→ SUPPLIED DATA:
------------------------------------------------------------
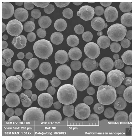 Atomized spherical titanium powder [27,28] from Shandong Lianhong New Material Technology Co., Ltd., Shandong, China was used in this research. The mean particle size was 34.2 μm. The particles’ morphology and chemical composition are presented in Table 1 and Figure 1, respectively. The binder system was composed of PEG (Beijing Solarbio Technology Co., Ltd., density of 1.2 g/cm3), PMMA (Taiwan Chimei, Shandong, China density of 1.19 g/cm3), SA (Dongguan Hongxing New Material Co., Ltd., Shandong, China, density of 0.94g/cm3) and PVP (Aladdin reagent, Shandong, China, density of 1.144 g/cm3).
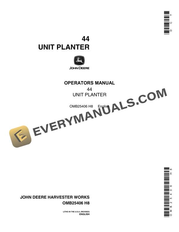 John Deere 44 UNIT PLANTER Operator Manual OMB25406
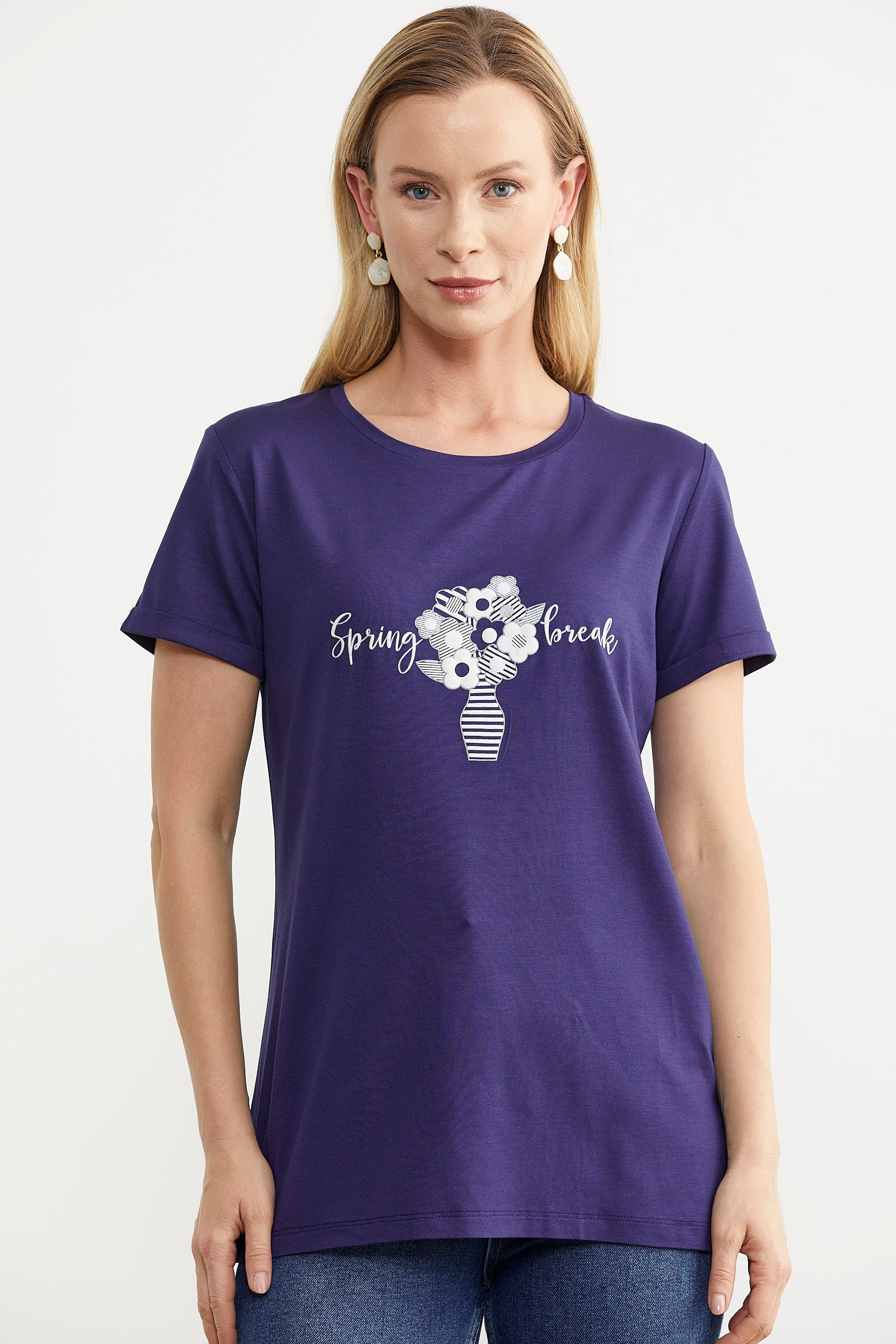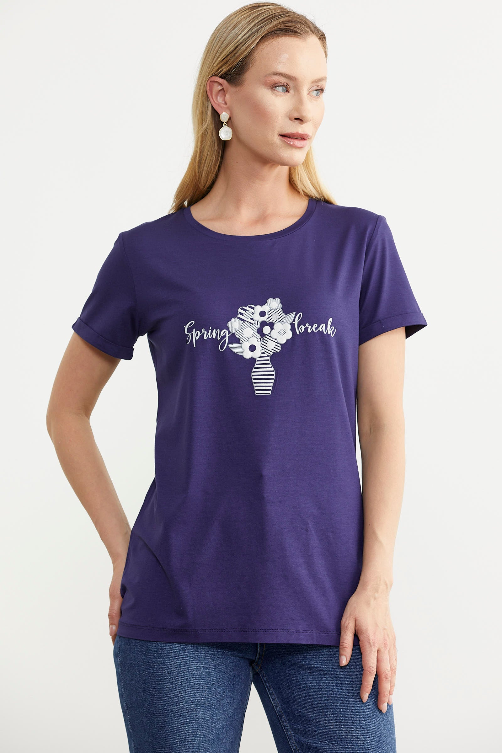 Floral Printed Regular Fit T-Shirt - Navy Blue
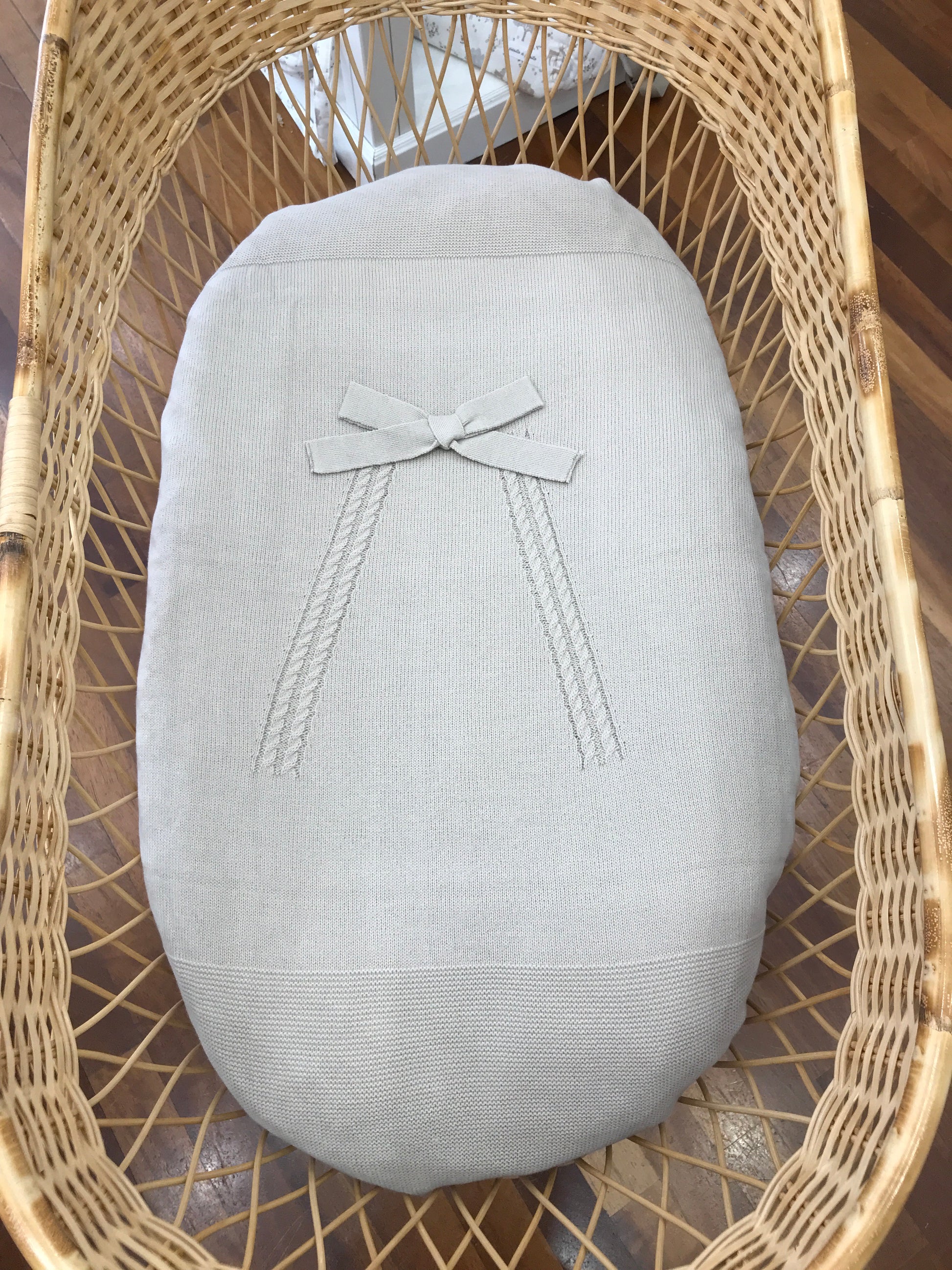 Coperta color tortora caratterizzata da una raffinata lavorazione a trecce sulla parte frontale, arricchita da un elegante fiocco tono su tono posizionato all’estremità superiore delle trecce, che aggiunge un tocco di delicatezza e stile al design complessivo.
------------------------------------------------------------
→ REQUIRED ACTION:
Repeat the listing above word for word and leave its images out.

→ REPLY TO THE TASK:
 Atomized spherical titanium powder [27,28] from Shandong Lianhong New Material Technology Co., Ltd., Shandong, China was used in this research. The mean particle size was 34.2 μm. The particles’ morphology and chemical composition are presented in Table 1 and Figure 1, respectively. The binder system was composed of PEG (Beijing Solarbio Technology Co., Ltd., density of 1.2 g/cm3), PMMA (Taiwan Chimei, Shandong, China density of 1.19 g/cm3), SA (Dongguan Hongxing New Material Co., Ltd., Shandong, China, density of 0.94g/cm3) and PVP (Aladdin reagent, Shandong, China, density of 1.144 g/cm3).
 John Deere 44 UNIT PLANTER Operator Manual OMB25406
 Floral Printed Regular Fit T-Shirt - Navy Blue
 Coperta color tortora caratterizzata da una raffinata lavorazione a trecce sulla parte frontale, arricchita da un elegante fiocco tono su tono posizionato all’estremità superiore delle trecce, che aggiunge un tocco di delicatezza e stile al design complessivo.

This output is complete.